_Problem to solve_.
Take the entries below and print only the lines from the one with "The new Seiko" through the one with "お子様も鍬入れを行い、「エイッエイッエイッ!」", exactly as they stand, both ends included.

_Raw data_.
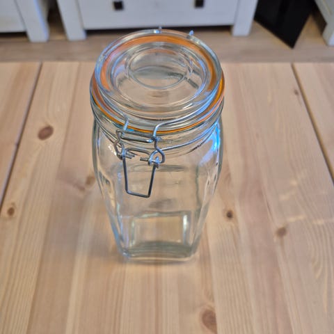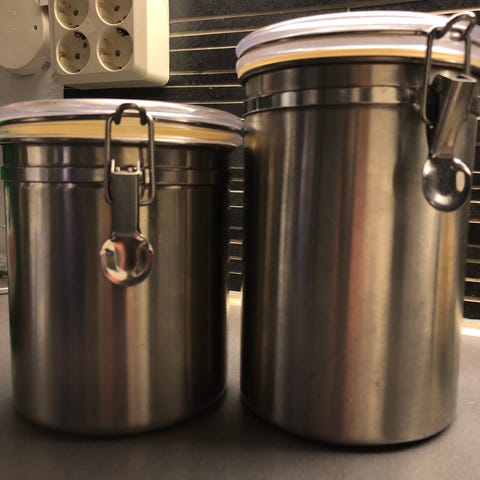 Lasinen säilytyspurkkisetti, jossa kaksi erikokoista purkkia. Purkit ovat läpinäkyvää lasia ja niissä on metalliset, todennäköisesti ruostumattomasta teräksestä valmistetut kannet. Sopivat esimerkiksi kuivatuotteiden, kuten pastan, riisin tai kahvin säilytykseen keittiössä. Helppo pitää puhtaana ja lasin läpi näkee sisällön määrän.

* * *

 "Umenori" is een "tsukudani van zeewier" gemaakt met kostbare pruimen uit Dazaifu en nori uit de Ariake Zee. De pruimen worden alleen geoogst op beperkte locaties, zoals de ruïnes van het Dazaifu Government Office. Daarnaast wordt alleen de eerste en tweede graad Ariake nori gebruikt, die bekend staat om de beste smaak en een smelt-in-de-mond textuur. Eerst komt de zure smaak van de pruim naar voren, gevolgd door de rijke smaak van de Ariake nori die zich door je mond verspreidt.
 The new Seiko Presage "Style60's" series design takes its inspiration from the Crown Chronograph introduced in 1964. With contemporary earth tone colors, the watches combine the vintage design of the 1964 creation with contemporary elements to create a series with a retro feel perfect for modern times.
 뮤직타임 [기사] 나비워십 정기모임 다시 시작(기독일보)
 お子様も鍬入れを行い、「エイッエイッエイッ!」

---

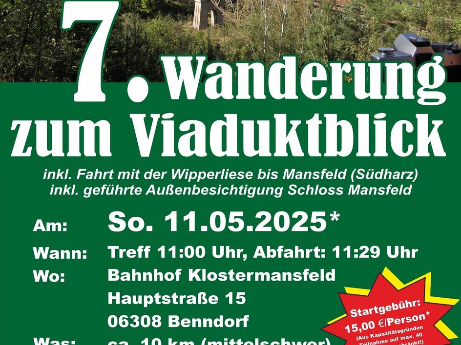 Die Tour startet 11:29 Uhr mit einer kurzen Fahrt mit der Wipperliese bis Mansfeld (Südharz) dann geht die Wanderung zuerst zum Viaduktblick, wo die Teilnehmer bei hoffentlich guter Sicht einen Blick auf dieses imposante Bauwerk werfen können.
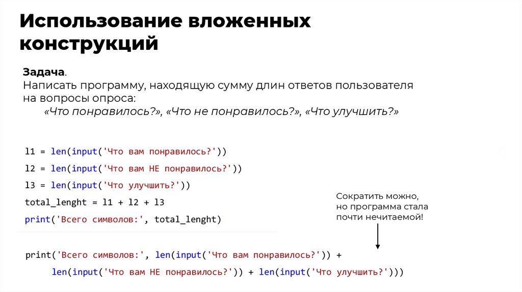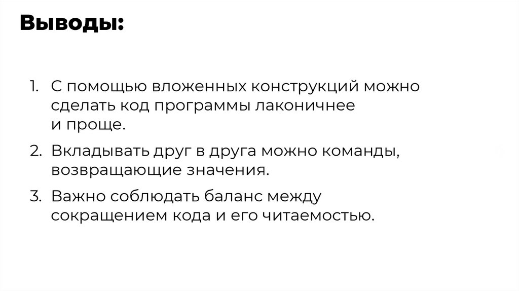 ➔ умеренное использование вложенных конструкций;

_Response to this task_.
 The new Seiko Presage "Style60's" series design takes its inspiration from the Crown Chronograph introduced in 1964. With contemporary earth tone colors, the watches combine the vintage design of the 1964 creation with contemporary elements to create a series with a retro feel perfect for modern times.
 뮤직타임 [기사] 나비워십 정기모임 다시 시작(기독일보)
 お子様も鍬入れを行い、「エイッエイッエイッ!」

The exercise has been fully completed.